Monday, March 7, 2011

God forbade...must reading!

Social Sanction




  Social norms are the cues and behaviors within society. Further defined as rules groups use for appropriate and inappropriate values and beliefs. Failure to follow these rules can result in severe punishment, including exclusion from the group.



  Social norms indicate established and approved ways of doing things, dress, speech and appearance. These vary and change, not only over time, but from one age group to another, between social classes. What is acceptable in dress, speech or behavior in one group may not be accepted in another.



  Deference to social norms maintains acceptance and popularity, while ignoring norms risks becoming unacceptable or, even, outcast. Social norms are understood through body language and non-verbal communication.



  As people mature they learn when and where it appropriate to say certain things, to discuss certain topics, to wear certain clothes and when not to. Knowledge of these things is important for impression management, learned, mostly, through experience.



  Social norms can regulate behavior, act as informal social controls. They are usually a degree of consensus, kept by social sanction.



Normative rule focuses on personal ego action, reaction to alternative action and negotiation between the two.

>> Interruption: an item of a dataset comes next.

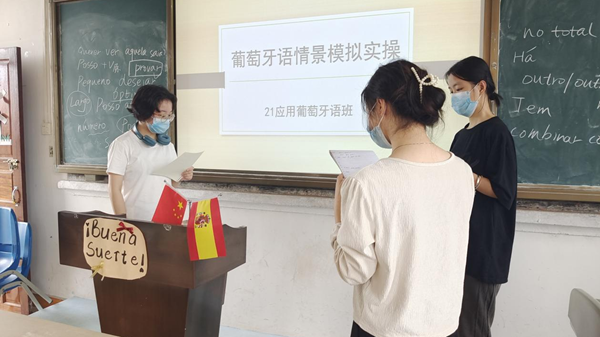 为了活跃葡语学生学习氛围,提高学生的学习积极性,考查一年级学生的葡语运用能力,西语系葡萄牙语教研室于5月11日在1404举行了葡语情景模拟实操活动,参与班级有21应用葡萄牙语班。
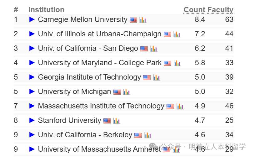 而UCB和马萨诸塞大学阿默斯特分校则是并列第9名,成为AI领域的Top10尾巴。

  Norms are rules of behavior, formal and informal, which are found to be stronger and reinforced. Informal norms defined as folkways, violation not considered offensive, but expected to be followed. It does not invite sanction or punishment, but offers warnings or reprimands. Mores are informal norms commonly understood, but result in severe sanction, religious exclusion.



Descriptive norms refer to perception of what is commonly done in specific situations.



Injunctive norms refers to what is commonly approved or disapproved within a culture.



Prescriptive norms are unwritten rules understood and followed, done without thinking.



Proscriptive norms are those that should not be followed or done and vary between cultures.



  A norm is a rule of thumb for behavior. A rational person acts accordingly if it is optimal for them. A norm gives an expectation of other's behavior (macro). People act optimally, given the expectation (micro). People's action must reconstitute the expectation without change, (micro-macro feedback loop) so viewed as stable, known as Nash' equilibrium.



  Deviance is nonconformity to norms the majority accepts. Simply put, it is behavior that goes against the norm.



  A counterculture is a term to describe the norms of a subculture that run counter to the social mainstream. Though these political opposition undercurrents have existed in many societies, counterculture is a more significant, visible phenomenon that reaches critical mass and persists for some time. A countercultural movement expresses the dreams and aspirations of a specific population, in time, a social manisfestation of zeitgeist.



  Counterculture in 19th century Europe include Romantisicm, Bohemianism and the Dandy's. Europe and America had the Beat generation of the 50's, followed by the Hippies of the 60's.



   Taboos have existed in many societies, none known to be universal. Taboos can serve many functions, many remain in effect long after the original reason expired. Some say taboos reveal society's history when other records are lacking.



  Certain taboos lose their sting, over time. In the US and most western countries most people are now more comfortable than before to discuss social issues, divorce, pregnancy, alcoholism, even gossip and scandal. Medical disorders and disease, cancer, AIDS and suicide are not as taboo as before.



  Other societal taboos are polarizing, racism, sexism, disability, sexual orientation. People follow the advise of not discussing, joking about or making an issue of things that lead to bigotry, discrimination, defamation or stigmatizing others.